- _WHAT TO PRODUCE_
All lines in the data bearing the string "湯かけまつり" should be identified and copied.

- _TASK MATERIAL_
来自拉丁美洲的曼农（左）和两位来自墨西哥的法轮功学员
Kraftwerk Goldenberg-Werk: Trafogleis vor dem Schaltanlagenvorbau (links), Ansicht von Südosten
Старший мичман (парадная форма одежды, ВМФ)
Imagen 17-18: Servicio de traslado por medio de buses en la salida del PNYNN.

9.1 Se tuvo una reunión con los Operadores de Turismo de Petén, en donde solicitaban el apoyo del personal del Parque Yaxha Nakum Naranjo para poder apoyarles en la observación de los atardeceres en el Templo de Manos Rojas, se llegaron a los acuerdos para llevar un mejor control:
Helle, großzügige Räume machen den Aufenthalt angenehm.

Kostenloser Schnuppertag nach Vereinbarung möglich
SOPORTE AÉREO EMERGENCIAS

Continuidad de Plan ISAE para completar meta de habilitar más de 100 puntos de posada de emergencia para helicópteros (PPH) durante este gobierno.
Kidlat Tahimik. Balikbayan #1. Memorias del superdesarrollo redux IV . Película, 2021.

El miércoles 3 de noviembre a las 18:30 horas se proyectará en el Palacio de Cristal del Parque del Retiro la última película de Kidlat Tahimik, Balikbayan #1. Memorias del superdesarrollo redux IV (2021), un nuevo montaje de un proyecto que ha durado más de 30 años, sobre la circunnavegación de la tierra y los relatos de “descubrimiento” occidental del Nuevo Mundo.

...

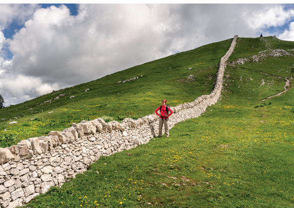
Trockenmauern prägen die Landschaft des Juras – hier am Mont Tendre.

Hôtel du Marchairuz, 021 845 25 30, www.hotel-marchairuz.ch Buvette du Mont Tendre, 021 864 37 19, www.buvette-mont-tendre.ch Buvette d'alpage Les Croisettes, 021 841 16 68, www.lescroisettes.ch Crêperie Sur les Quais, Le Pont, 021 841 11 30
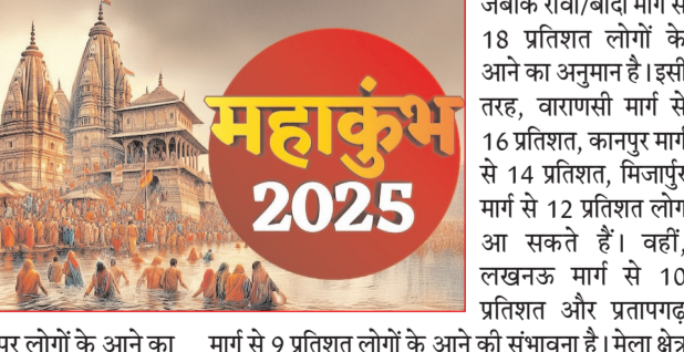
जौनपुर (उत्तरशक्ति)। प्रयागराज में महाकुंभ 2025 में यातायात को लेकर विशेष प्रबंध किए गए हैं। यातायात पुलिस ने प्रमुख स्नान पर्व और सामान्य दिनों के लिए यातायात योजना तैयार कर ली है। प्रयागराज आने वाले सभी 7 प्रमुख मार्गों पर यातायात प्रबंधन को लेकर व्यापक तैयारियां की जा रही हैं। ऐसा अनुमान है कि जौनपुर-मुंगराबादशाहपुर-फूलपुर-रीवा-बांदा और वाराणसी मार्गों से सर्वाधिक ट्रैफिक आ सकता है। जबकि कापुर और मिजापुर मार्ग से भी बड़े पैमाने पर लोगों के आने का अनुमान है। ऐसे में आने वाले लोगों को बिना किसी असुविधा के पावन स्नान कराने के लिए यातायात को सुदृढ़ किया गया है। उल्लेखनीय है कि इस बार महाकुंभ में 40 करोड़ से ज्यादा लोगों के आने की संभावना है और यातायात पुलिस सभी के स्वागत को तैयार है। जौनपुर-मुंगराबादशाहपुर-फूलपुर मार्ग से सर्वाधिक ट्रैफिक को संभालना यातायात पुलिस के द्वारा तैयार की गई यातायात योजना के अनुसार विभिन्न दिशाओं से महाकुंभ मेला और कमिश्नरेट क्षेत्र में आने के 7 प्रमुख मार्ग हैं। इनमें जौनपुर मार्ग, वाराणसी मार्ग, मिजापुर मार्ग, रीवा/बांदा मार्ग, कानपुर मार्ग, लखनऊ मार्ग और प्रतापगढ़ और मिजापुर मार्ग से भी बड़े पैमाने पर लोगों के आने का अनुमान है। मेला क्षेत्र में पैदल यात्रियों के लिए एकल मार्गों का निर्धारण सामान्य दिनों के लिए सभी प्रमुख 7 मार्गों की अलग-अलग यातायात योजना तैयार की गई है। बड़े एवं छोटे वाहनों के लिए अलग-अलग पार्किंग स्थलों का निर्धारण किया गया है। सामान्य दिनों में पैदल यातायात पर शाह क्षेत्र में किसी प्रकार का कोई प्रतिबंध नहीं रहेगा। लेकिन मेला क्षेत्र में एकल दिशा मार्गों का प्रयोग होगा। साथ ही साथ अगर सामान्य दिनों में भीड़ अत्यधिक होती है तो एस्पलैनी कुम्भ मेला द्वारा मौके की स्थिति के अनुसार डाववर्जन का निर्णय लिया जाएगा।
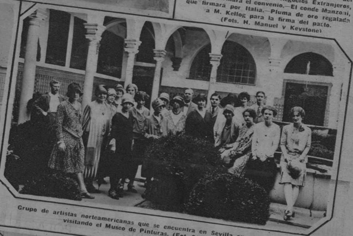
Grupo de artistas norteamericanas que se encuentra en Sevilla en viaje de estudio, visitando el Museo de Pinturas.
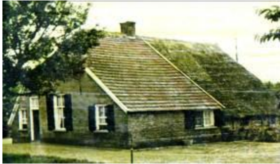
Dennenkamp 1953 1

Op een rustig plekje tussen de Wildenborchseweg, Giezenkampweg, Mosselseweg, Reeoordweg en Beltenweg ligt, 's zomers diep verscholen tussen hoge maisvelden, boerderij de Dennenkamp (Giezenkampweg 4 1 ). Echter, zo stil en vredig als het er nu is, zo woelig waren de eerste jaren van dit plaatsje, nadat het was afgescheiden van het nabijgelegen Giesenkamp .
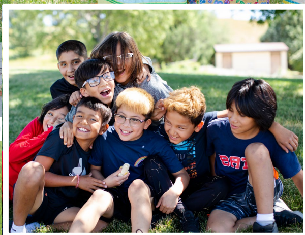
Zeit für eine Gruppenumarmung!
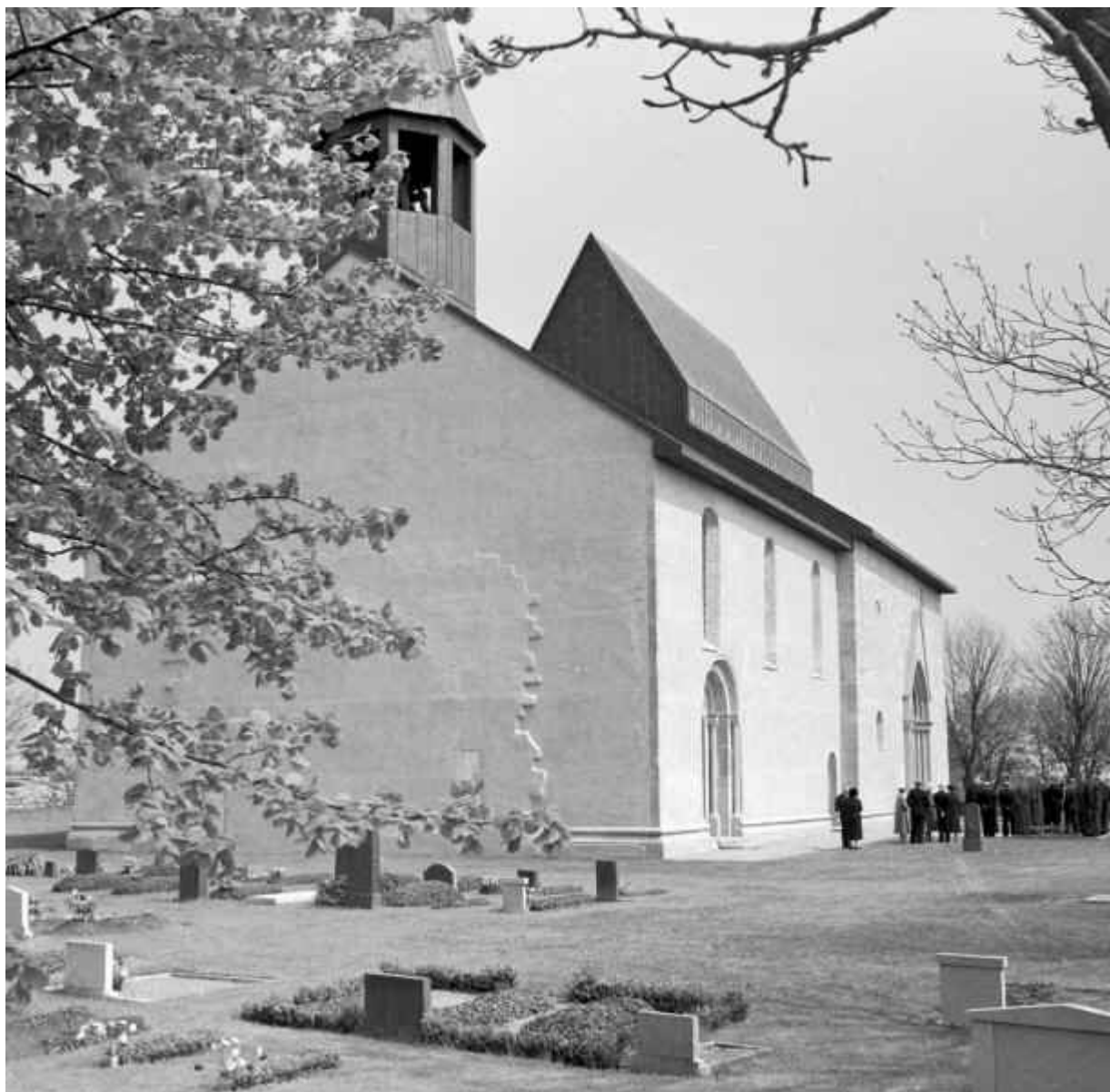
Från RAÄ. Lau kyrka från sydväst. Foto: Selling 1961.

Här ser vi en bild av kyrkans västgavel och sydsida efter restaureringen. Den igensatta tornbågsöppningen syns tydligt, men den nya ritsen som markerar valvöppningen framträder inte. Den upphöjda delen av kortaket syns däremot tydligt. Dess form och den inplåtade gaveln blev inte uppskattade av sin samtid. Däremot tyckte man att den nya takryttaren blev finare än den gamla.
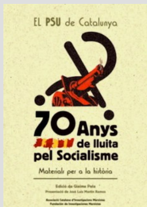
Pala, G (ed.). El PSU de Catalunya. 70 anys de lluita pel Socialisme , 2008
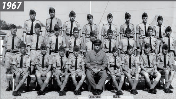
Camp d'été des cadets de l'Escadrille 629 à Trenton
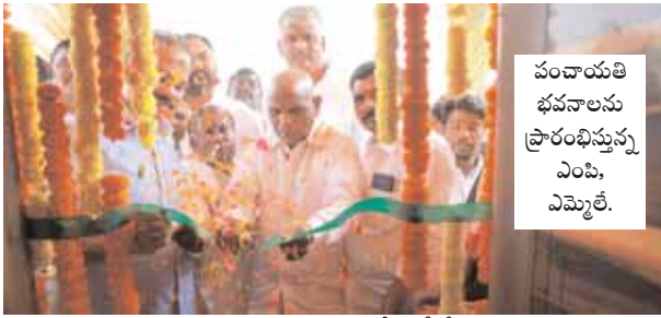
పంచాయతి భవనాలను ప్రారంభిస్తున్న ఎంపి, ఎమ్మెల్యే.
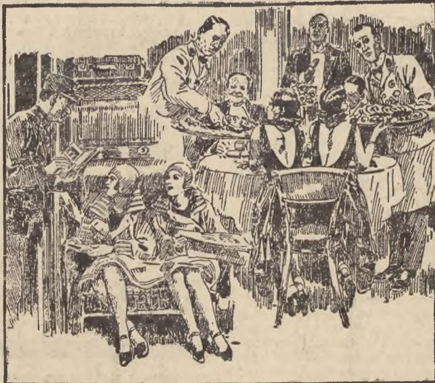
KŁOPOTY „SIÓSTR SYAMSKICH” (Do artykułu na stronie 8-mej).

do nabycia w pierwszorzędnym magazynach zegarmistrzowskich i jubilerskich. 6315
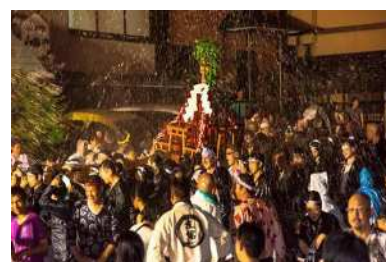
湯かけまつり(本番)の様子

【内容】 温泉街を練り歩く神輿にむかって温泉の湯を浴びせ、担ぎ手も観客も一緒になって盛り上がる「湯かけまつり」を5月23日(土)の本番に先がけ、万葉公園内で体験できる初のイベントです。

- _OUTPUT FOR THIS TASK_
湯かけまつり(本番)の様子
【内容】 温泉街を練り歩く神輿にむかって温泉の湯を浴びせ、担ぎ手も観客も一緒になって盛り上がる「湯かけまつり」を5月23日(土)の本番に先がけ、万葉公園内で体験できる初のイベントです。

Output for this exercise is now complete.